之前小天道附身過的那只野貓,這幾天又無聲無息地竄上了院子的墻頭。
這次還是來找花滿樓的。
傅回鶴酸溜溜地看著花滿樓蹲下身伸手逗弄那只黃貍貓,小聲道:“它很可愛嗎”
黃貍貓嗲嗲地叫,小尾音轉著小鉤子一樣似的,尾巴也在花滿樓身上不停地蹭,直到最后連毛絨絨的身體都趴上了花滿樓的手腕。
這哪里是花滿樓去摸貓,分明是貓在吸人。
傅回鶴咬牙:“這貓要是化成人形,一定是那種禍國妖妃”
花滿樓摸貓的動作一頓,想起盛崖余現在被長盛君繞著轉的焦頭爛額,不由得收回了擼毛毛的手。
突然化成人形這種事太恐怖了。
傅回鶴走過來,拎著黃貍貓的后腿瞅了一眼,糾正道:“哦,還是個公的,男妖妃。”
花滿樓低頭,默默和夾著尾巴后腿兩步莫名警惕的黃貍貓四目相對。
這個貓不能再摸了,再摸下去,指不定就小蓮花大戰黃貍貓了。
黃貍貓從傅回鶴的身上感覺到一種圖謀不軌,依依不舍地沖著花滿樓喵嗚了一聲,然后飛快跳上墻頭離開了。
它要去抓一只大老鼠來證明自己比這個兩腳獸更討喜
花滿樓顯然并不知道自己將會收到什么禮物,而是轉向傅回鶴問道:“爾書怎么樣了”
傅回鶴心神沉回離斷齋那邊,感覺了一會兒,頗為無語道:“可能夢到吃什么東西,在流口水。”

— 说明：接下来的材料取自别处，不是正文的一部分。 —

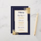An elegant yet modern design featuring faux gold foil luminous succulents in opposite corners of this wedding menu. A dark blue background with matching text colour for the headings.
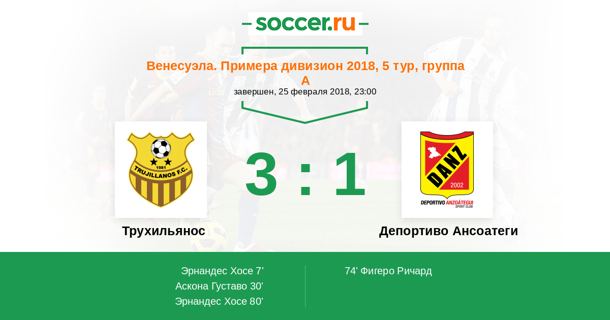 Трухильянос - Депортиво Ансоатеги: обзор матча 25 февраля 2018

“噫”傅回鶴皺著鼻子,“它口水都流進我睡覺的湖里了”
花滿樓因為傅回鶴生動至極的嫌棄表情笑出聲來。
站起身拍了拍衣擺,花滿樓忽然想起一件事:“最近好像很久沒有見到盛捕頭和長盛君了”
嗯
傅回鶴抬頭看院子里枝頭樹梢的小葉子,看天上的云,看院門口掠過的風,就是不看花滿樓。
花滿樓挑眉:“傅小凜”
好嘛好嘛。
傅回鶴輕咳了一聲,招供道:“那之前長盛君可憐巴巴又失落兮兮的樣子,我于心不忍,就給支了幾招。”
最后四個字越說越小聲。
心虛。
“支了幾招。”花滿樓默念重復了一遍傅回鶴的用詞,沉默了一下。
自家小蓮花在感情上的遲鈍和笨拙程度,沒人比花滿樓更有體會,所以這樣的小蓮花去教仙人球
長盛君不對,是盛捕頭不會有什么事吧
花滿樓于是溫和有禮地詢問熱心助人的傅老板:“不知道在下是否有幸能聽聽傅老板的招數呢”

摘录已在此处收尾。